DESCRIPTION OF THE TASK >>
From the line with "Σύμφωνα με τον" to the line with "оборудование и инструмент.", output every line below exactly, both ends included. Skip the pictures.

GIVEN MATERIAL >>
########

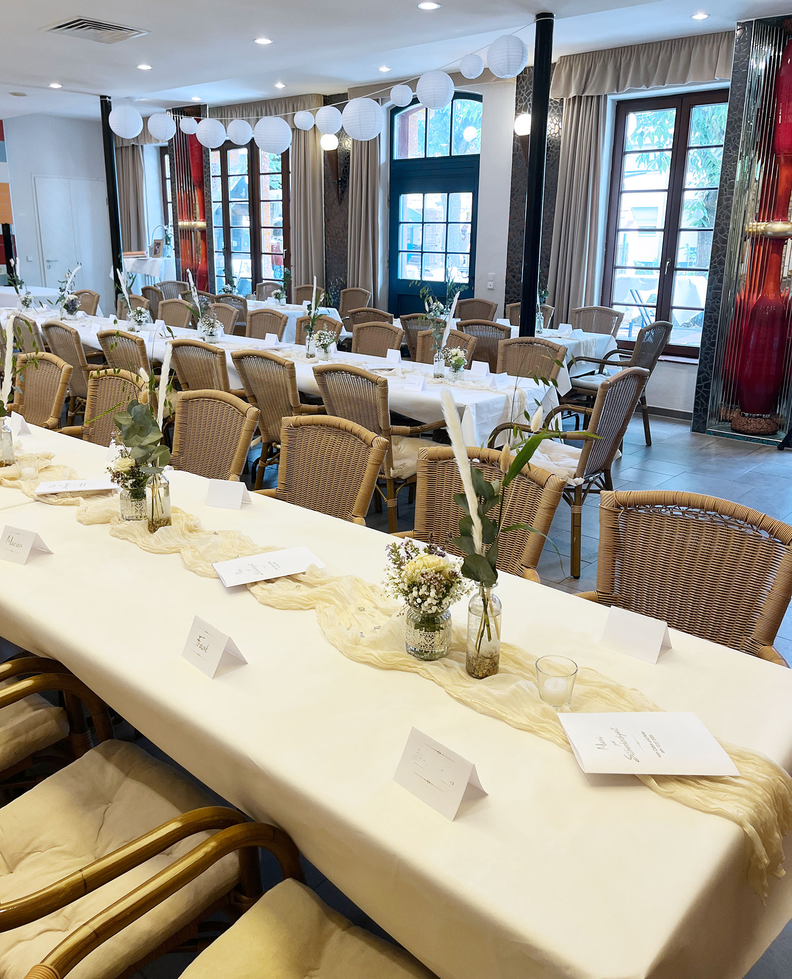 Unsere Ausstattung lässt wenig Wünsche offen und lässt gleichzeitig Raum für Ihre kreative Ideen um eine individuelle Feier zu gestalten.
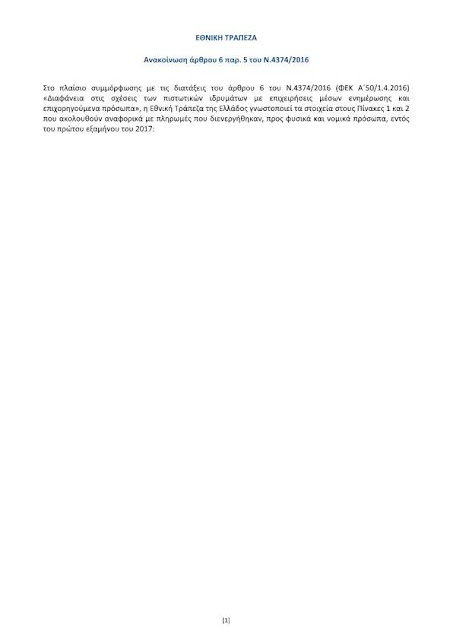 Σύμφωνα με τον νόμο 4374/2016 οι τράπεζες οφείλουν να δημοσιεύουν τα ποσά των χορηγιών τους σε διάφορους φορείς ιδιωτικούς και δημόσιους και με έκπληξη είδαμε σε αυτή την λίστα που δημοσίευσε η Εθνική τράπεζα πως διέθεσε το ποσό των 15.000€ στο ίδρυμα του Κώστα Σημίτη ως χορηγία για να προάγει την πολιτική του σκέψη..
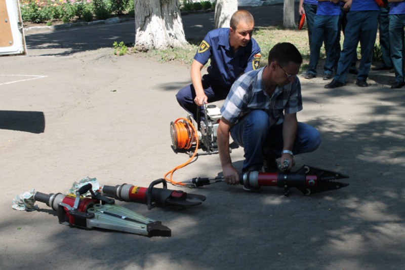 Спасатели МКУ «Управление по делам ГО и ЧС» г. Шахты продемонстрировали для будущих спасателей аварийно-спасательное оборудование и инструмент.
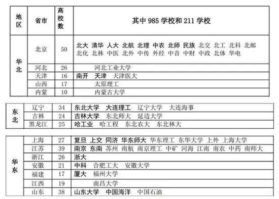 這一差異,也反映在高等教育資源的分配上。作為(wei) 中國的教育中心,北京的985和211高校數量達到23所,而相鄰的河北省,僅(jin) 有一所211大學——河北工業(ye) 大學。

########

WRITTEN ANSWER >>
 Σύμφωνα με τον νόμο 4374/2016 οι τράπεζες οφείλουν να δημοσιεύουν τα ποσά των χορηγιών τους σε διάφορους φορείς ιδιωτικούς και δημόσιους και με έκπληξη είδαμε σε αυτή την λίστα που δημοσίευσε η Εθνική τράπεζα πως διέθεσε το ποσό των 15.000€ στο ίδρυμα του Κώστα Σημίτη ως χορηγία για να προάγει την πολιτική του σκέψη..
 Спасатели МКУ «Управление по делам ГО и ЧС» г. Шахты продемонстрировали для будущих спасателей аварийно-спасательное оборудование и инструмент.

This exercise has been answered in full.